Action item: Whenever a picture appears in the data, skip it and write out all other material exactly.
[[ Collected material, beginning ]]
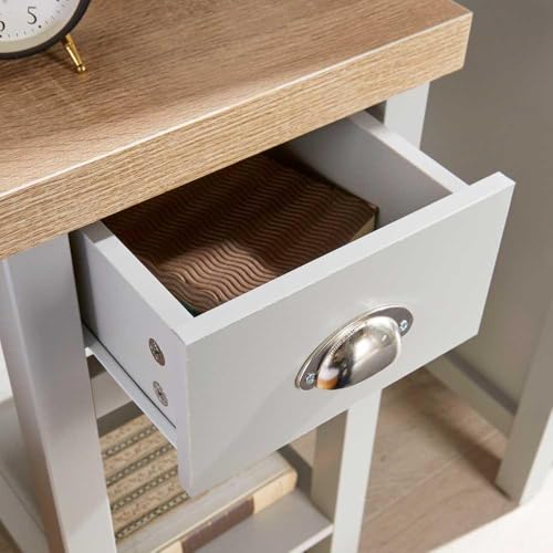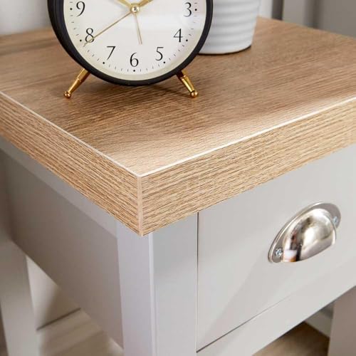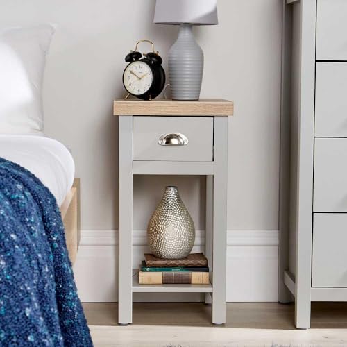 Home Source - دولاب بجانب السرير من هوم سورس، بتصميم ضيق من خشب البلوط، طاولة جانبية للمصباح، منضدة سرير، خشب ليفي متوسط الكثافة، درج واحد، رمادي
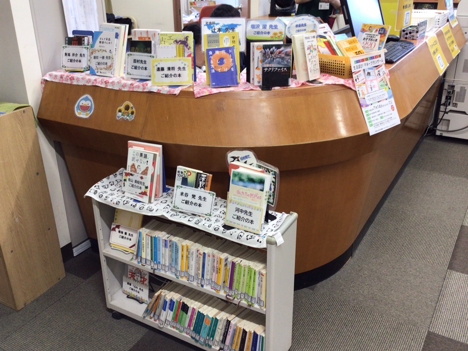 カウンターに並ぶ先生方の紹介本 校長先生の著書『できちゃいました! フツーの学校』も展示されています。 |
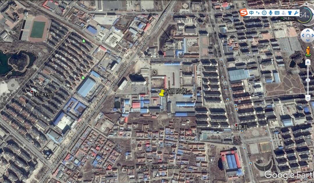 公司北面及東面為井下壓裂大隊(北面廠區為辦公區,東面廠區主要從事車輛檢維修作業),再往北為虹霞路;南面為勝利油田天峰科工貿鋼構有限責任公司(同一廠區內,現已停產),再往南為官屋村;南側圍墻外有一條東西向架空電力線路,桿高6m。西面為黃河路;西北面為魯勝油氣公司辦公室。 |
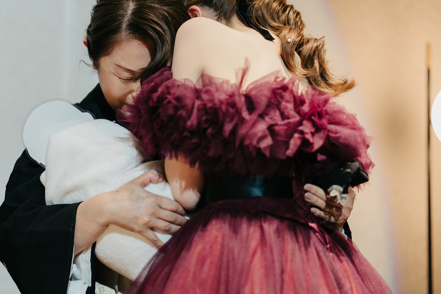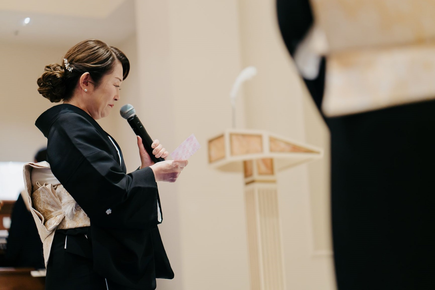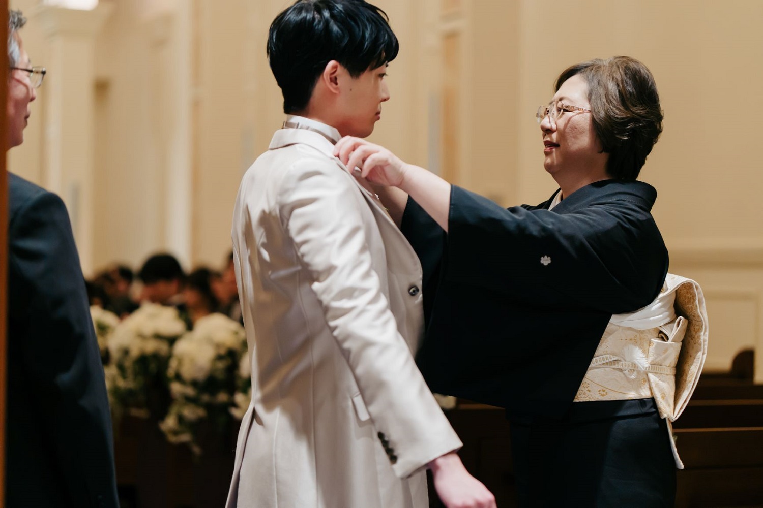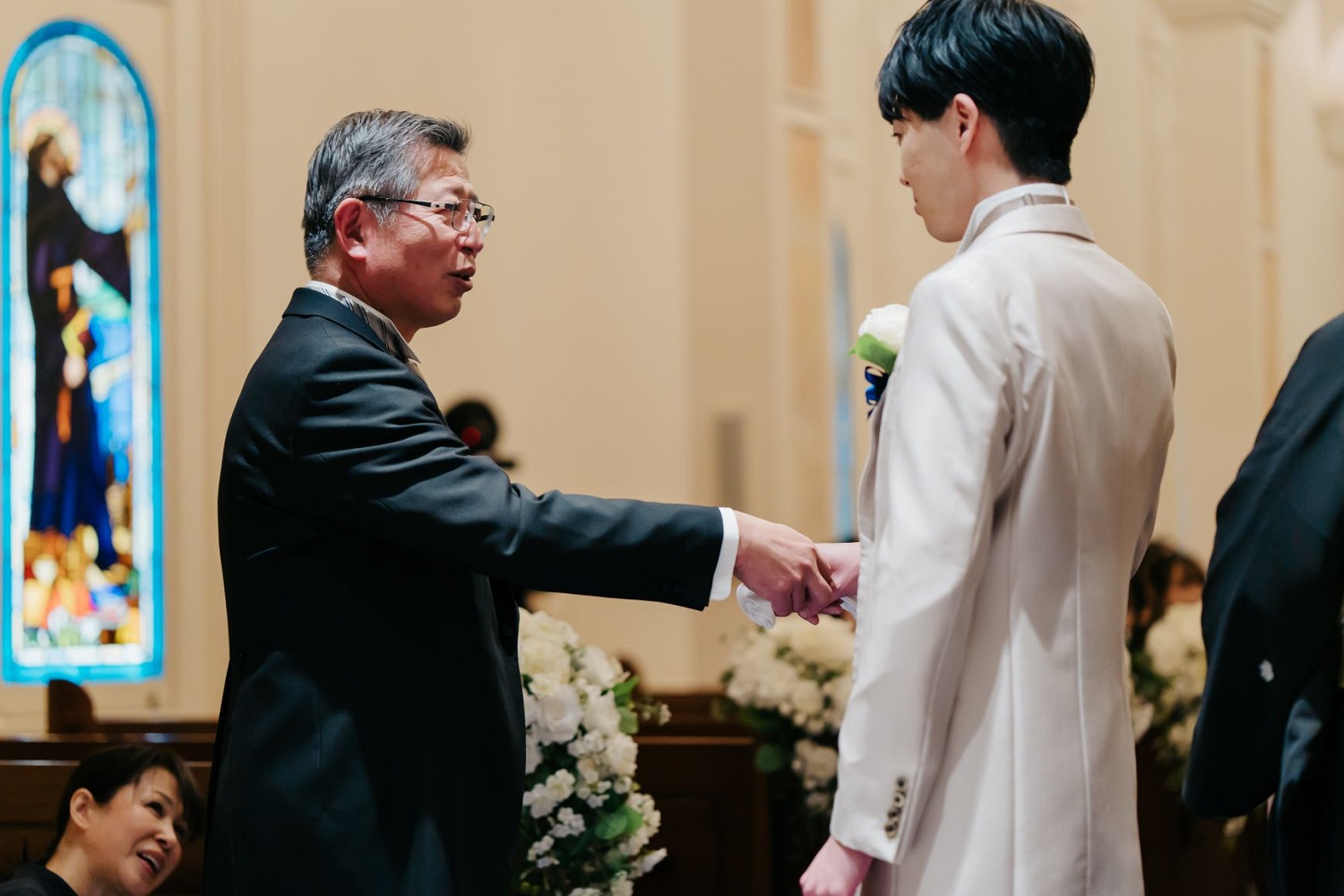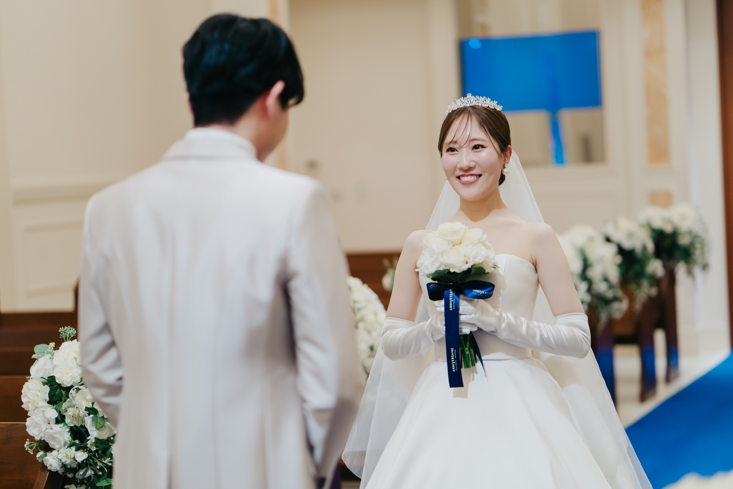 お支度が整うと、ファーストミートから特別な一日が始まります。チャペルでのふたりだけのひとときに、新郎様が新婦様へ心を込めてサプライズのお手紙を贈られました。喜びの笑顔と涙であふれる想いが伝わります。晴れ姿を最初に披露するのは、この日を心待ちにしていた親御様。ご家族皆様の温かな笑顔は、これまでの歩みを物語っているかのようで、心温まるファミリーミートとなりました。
[[ Collected material, end ]]
Answer box:
 Home Source - دولاب بجانب السرير من هوم سورس، بتصميم ضيق من خشب البلوط، طاولة جانبية للمصباح، منضدة سرير، خشب ليفي متوسط الكثافة، درج واحد، رمادي
 カウンターに並ぶ先生方の紹介本 校長先生の著書『できちゃいました! フツーの学校』も展示されています。 |
 公司北面及東面為井下壓裂大隊(北面廠區為辦公區,東面廠區主要從事車輛檢維修作業),再往北為虹霞路;南面為勝利油田天峰科工貿鋼構有限責任公司(同一廠區內,現已停產),再往南為官屋村;南側圍墻外有一條東西向架空電力線路,桿高6m。西面為黃河路;西北面為魯勝油氣公司辦公室。 |
 お支度が整うと、ファーストミートから特別な一日が始まります。チャペルでのふたりだけのひとときに、新郎様が新婦様へ心を込めてサプライズのお手紙を贈られました。喜びの笑顔と涙であふれる想いが伝わります。晴れ姿を最初に披露するのは、この日を心待ちにしていた親御様。ご家族皆様の温かな笑顔は、これまでの歩みを物語っているかのようで、心温まるファミリーミートとなりました。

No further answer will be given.